### What the task requires
Everything in the data must be repeated exactly, apart from the pictures, which are left out.

### Given data

-- Opening Marker --

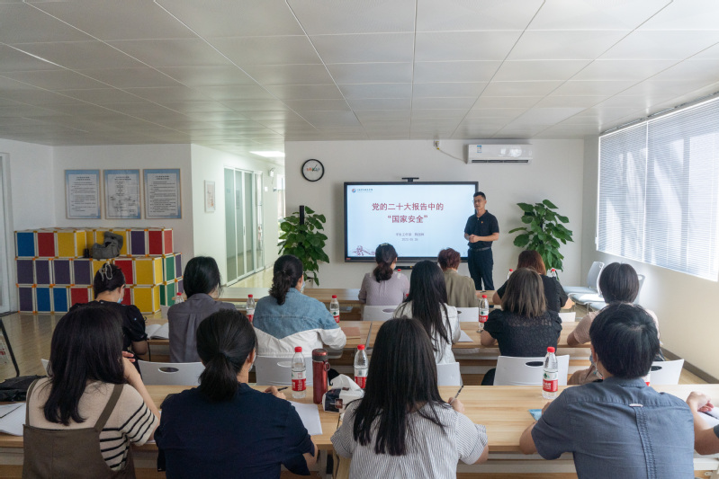 为深入学习宣传贯彻党的二十大精神,提高辅导员的业务能力和责任意识,5月26日,学生工作部在院本部教学一区举办“党的二十大报告中的‘国家安全’”专题党课。党课由学工部部长陈国辉主讲。
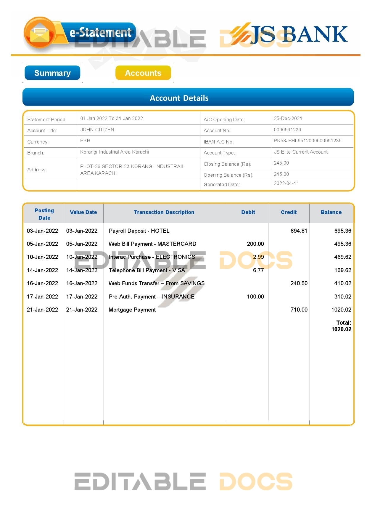 Once you make your purchase, you’ll be able to immediately download the Pakistan JS bank e-statement.doc file and fonts.
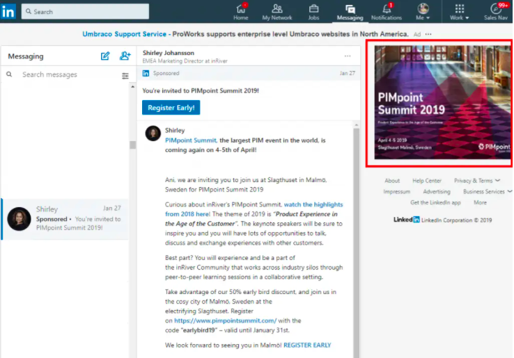 Sponsored InMail (or advertising mail) is an advertising format that involves sending personalized targeted messages to the audience via LinkedIn Messenger. Usually, the advertising message consists of a custom greeting, a call-to-action button, the main text, and a link to the landing page. Make sure to include a visual that resonates with your text add as it is displayed on the image below.
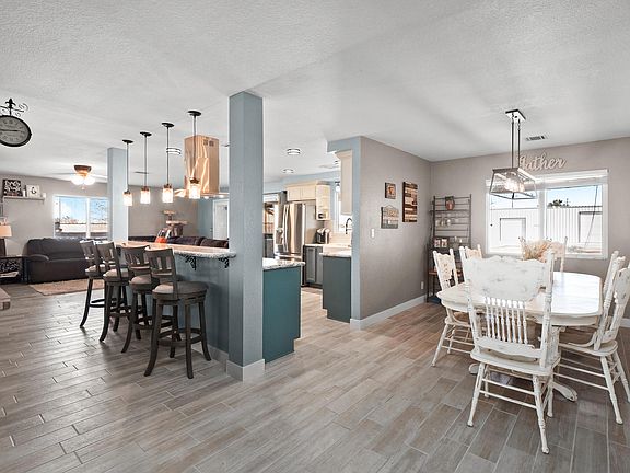 Beautiful Ranch Home with Permitted Workshop! This home offers 4 large bedrooms and two full bathrooms. There is a family room, formal dining room, and a living room with a beautiful flag stone and tile fireplace, perfect for the winter months. The open concept kitchen has been completely renovated with new cabinets, quartz counters, subway tile backsplash, recessed lighting, and stainless steel appliances. New tile flooring has been recently installed throughout the living spaces making the home look bright and open. There is a fully permitted 1750 sq ft workshop with 10x10 and 12x12 garage doors. There is electrical with 110 and 240 volt circuits as well as, an installed air compressor, perfect for all your projects. The workshop has been pre plumbed for water and sewer. There is also a large storage shed, a standard two car, and huge RV access with newly poured concrete all the way to the workshop. This home has it all! Call for your appointment toda
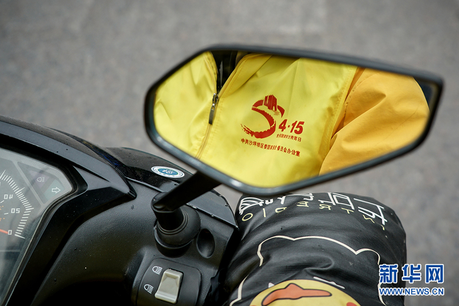 王淞骑着摩托车出发了,前往配送的小区距离不远,熟悉道路情况的他几分钟就可以驾车到达。“我是国家安全宣传使者”活动从4月13日起持续三天,预计将把上万份宣传品送到商家和市民手中。新华网 韩梦霖 摄

-- Closing Marker --

### Output for this task
 为深入学习宣传贯彻党的二十大精神,提高辅导员的业务能力和责任意识,5月26日,学生工作部在院本部教学一区举办“党的二十大报告中的‘国家安全’”专题党课。党课由学工部部长陈国辉主讲。
 Once you make your purchase, you’ll be able to immediately download the Pakistan JS bank e-statement.doc file and fonts.
 Sponsored InMail (or advertising mail) is an advertising format that involves sending personalized targeted messages to the audience via LinkedIn Messenger. Usually, the advertising message consists of a custom greeting, a call-to-action button, the main text, and a link to the landing page. Make sure to include a visual that resonates with your text add as it is displayed on the image below.
 Beautiful Ranch Home with Permitted Workshop! This home offers 4 large bedrooms and two full bathrooms. There is a family room, formal dining room, and a living room with a beautiful flag stone and tile fireplace, perfect for the winter months. The open concept kitchen has been completely renovated with new cabinets, quartz counters, subway tile backsplash, recessed lighting, and stainless steel appliances. New tile flooring has been recently installed throughout the living spaces making the home look bright and open. There is a fully permitted 1750 sq ft workshop with 10x10 and 12x12 garage doors. There is electrical with 110 and 240 volt circuits as well as, an installed air compressor, perfect for all your projects. The workshop has been pre plumbed for water and sewer. There is also a large storage shed, a standard two car, and huge RV access with newly poured concrete all the way to the workshop. This home has it all! Call for your appointment toda
 王淞骑着摩托车出发了,前往配送的小区距离不远,熟悉道路情况的他几分钟就可以驾车到达。“我是国家安全宣传使者”活动从4月13日起持续三天,预计将把上万份宣传品送到商家和市民手中。新华网 韩梦霖 摄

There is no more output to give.